--- ASSIGNMENT ---
Emit a verbatim copy of the lines below from the line with "Лупата за зголемување" through the line with "Surrender completely with", excluding pictures and everything outside that range.

--- PROVIDED MATERIAL ---
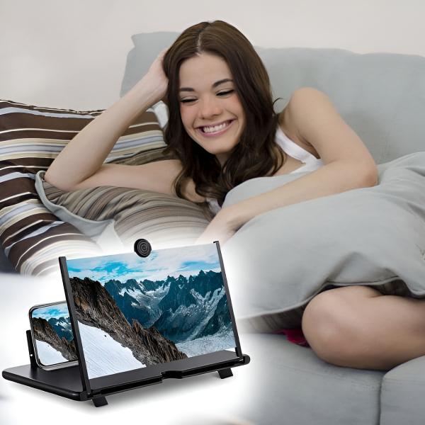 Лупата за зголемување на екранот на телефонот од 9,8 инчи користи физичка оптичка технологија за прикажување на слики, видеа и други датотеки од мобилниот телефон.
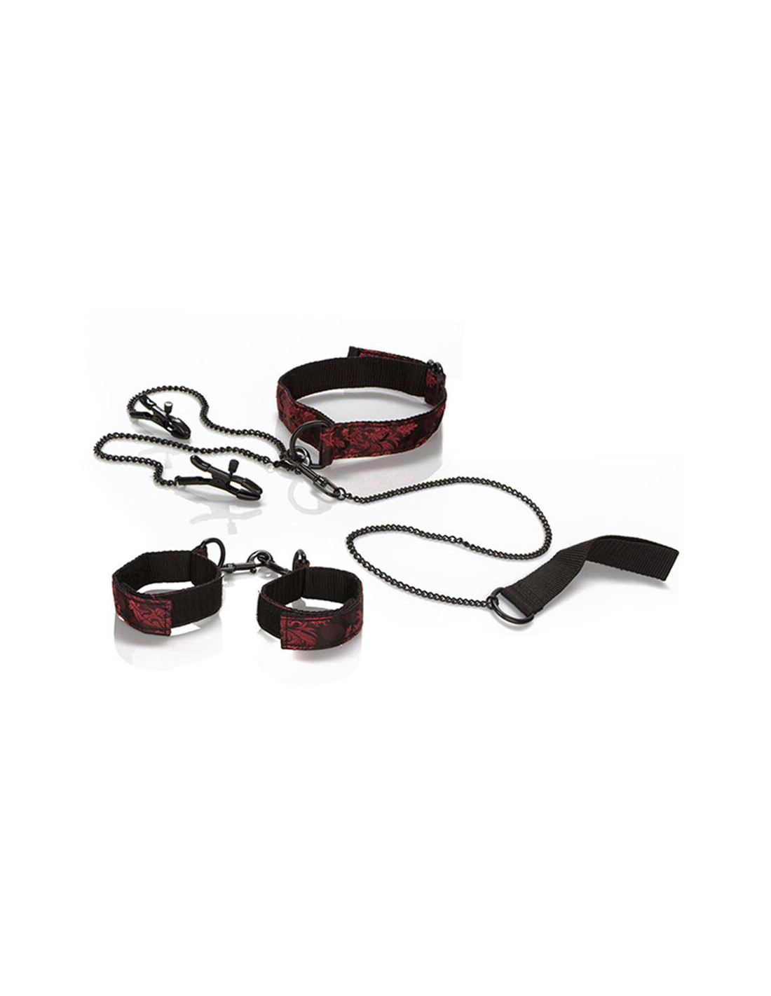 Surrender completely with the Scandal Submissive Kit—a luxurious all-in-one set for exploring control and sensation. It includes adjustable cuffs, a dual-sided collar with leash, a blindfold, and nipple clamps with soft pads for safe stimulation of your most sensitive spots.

==

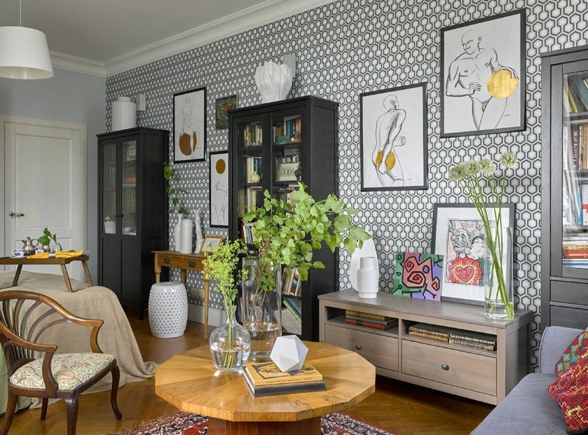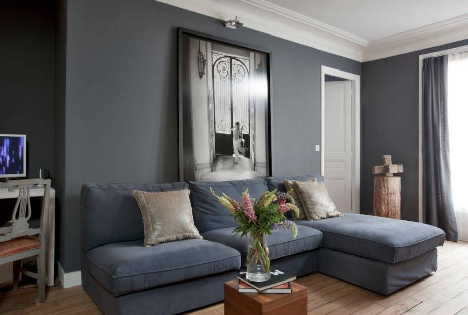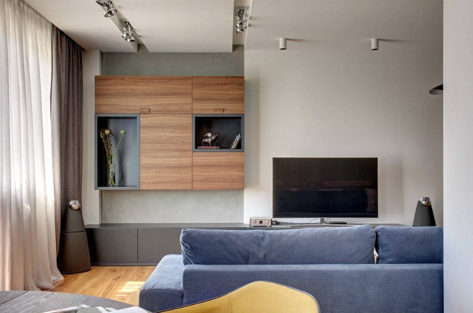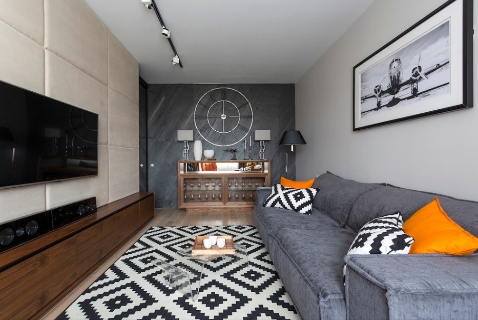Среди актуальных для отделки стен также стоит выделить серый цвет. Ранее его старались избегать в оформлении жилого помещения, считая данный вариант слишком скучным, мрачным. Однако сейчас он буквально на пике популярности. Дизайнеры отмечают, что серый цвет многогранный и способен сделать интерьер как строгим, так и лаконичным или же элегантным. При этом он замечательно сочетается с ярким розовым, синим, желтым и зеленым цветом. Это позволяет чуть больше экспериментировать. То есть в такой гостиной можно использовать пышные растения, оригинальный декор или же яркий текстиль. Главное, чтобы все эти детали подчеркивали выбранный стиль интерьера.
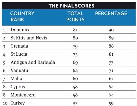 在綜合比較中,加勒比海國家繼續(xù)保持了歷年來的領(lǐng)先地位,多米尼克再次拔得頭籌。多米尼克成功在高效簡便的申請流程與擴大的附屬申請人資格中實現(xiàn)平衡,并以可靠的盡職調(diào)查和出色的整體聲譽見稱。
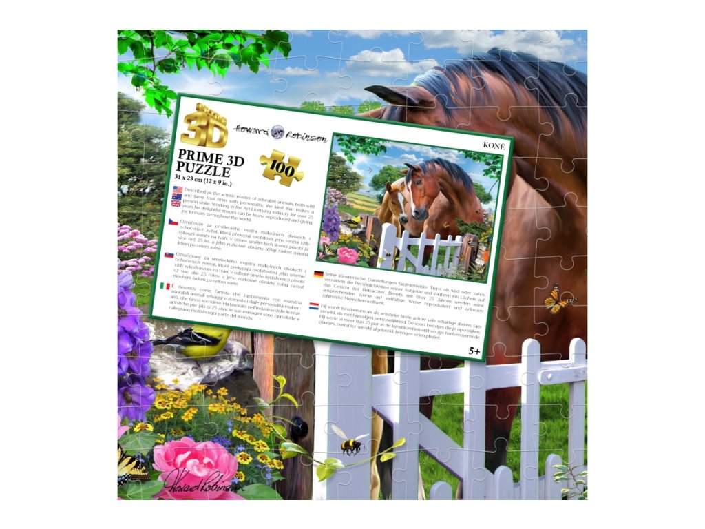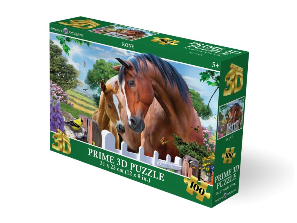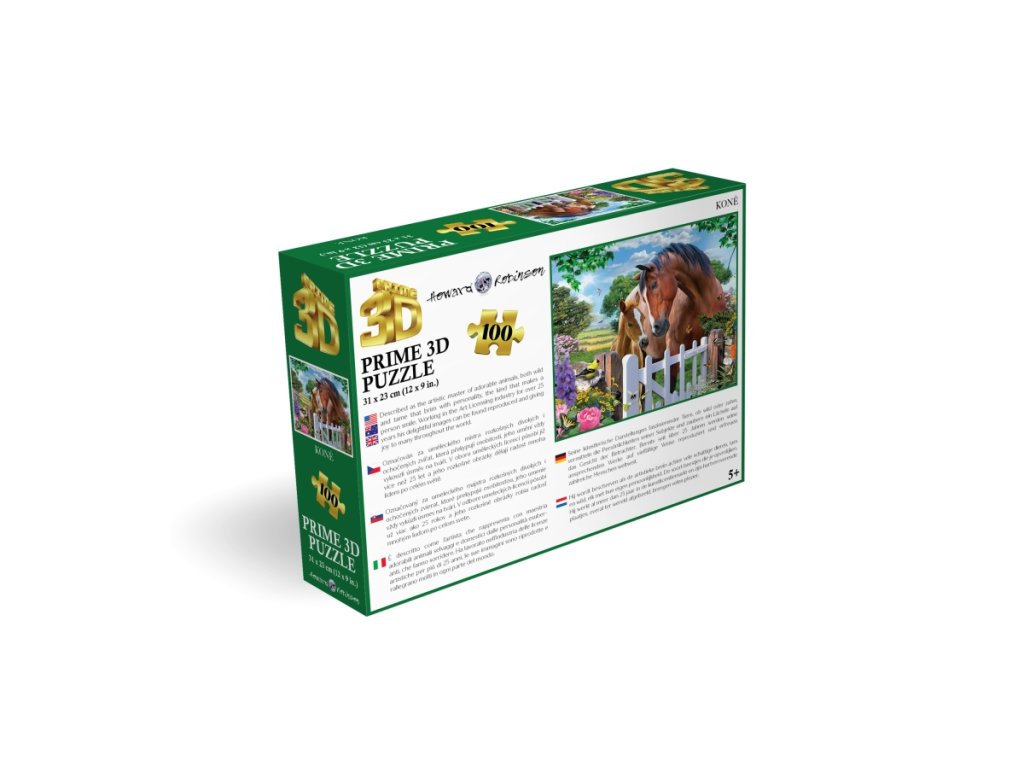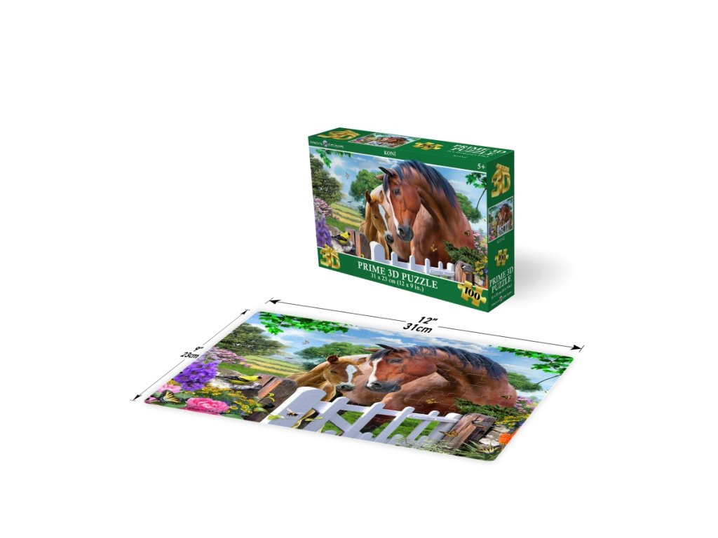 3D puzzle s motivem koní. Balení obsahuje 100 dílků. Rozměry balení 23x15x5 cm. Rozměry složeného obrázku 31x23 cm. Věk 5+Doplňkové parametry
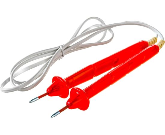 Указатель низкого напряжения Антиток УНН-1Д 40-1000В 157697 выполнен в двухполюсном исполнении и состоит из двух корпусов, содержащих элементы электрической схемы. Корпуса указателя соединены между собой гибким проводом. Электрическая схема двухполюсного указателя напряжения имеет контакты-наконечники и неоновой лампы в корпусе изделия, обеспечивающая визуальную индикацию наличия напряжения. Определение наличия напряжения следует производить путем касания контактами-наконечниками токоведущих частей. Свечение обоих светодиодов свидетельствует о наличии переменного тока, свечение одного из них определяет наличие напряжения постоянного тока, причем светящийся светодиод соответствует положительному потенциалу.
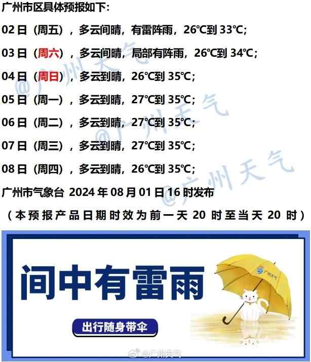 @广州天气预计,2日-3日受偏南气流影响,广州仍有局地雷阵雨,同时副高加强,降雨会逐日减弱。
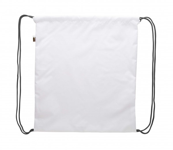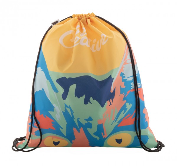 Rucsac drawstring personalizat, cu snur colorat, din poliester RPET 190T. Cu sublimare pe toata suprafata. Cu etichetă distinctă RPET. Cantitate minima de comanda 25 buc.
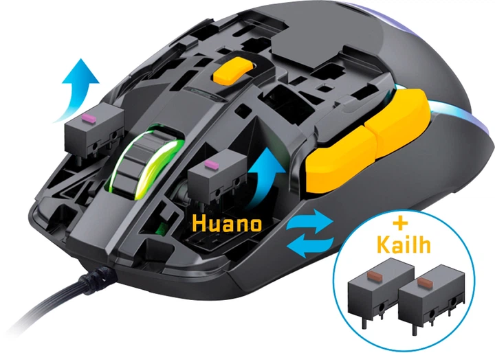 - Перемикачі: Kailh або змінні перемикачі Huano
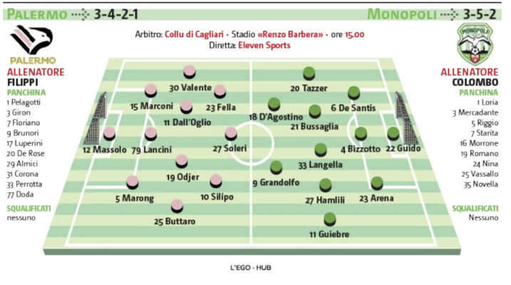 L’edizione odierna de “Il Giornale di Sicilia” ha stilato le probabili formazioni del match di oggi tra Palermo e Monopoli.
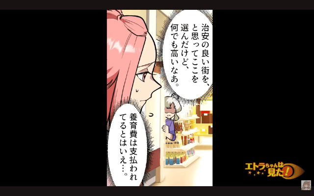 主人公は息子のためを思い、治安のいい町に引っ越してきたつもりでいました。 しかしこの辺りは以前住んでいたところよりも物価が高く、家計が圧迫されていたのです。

--- WORKED SOLUTION ---
 Лупата за зголемување на екранот на телефонот од 9,8 инчи користи физичка оптичка технологија за прикажување на слики, видеа и други датотеки од мобилниот телефон.
 Surrender completely with the Scandal Submissive Kit—a luxurious all-in-one set for exploring control and sensation. It includes adjustable cuffs, a dual-sided collar with leash, a blindfold, and nipple clamps with soft pads for safe stimulation of your most sensitive spots.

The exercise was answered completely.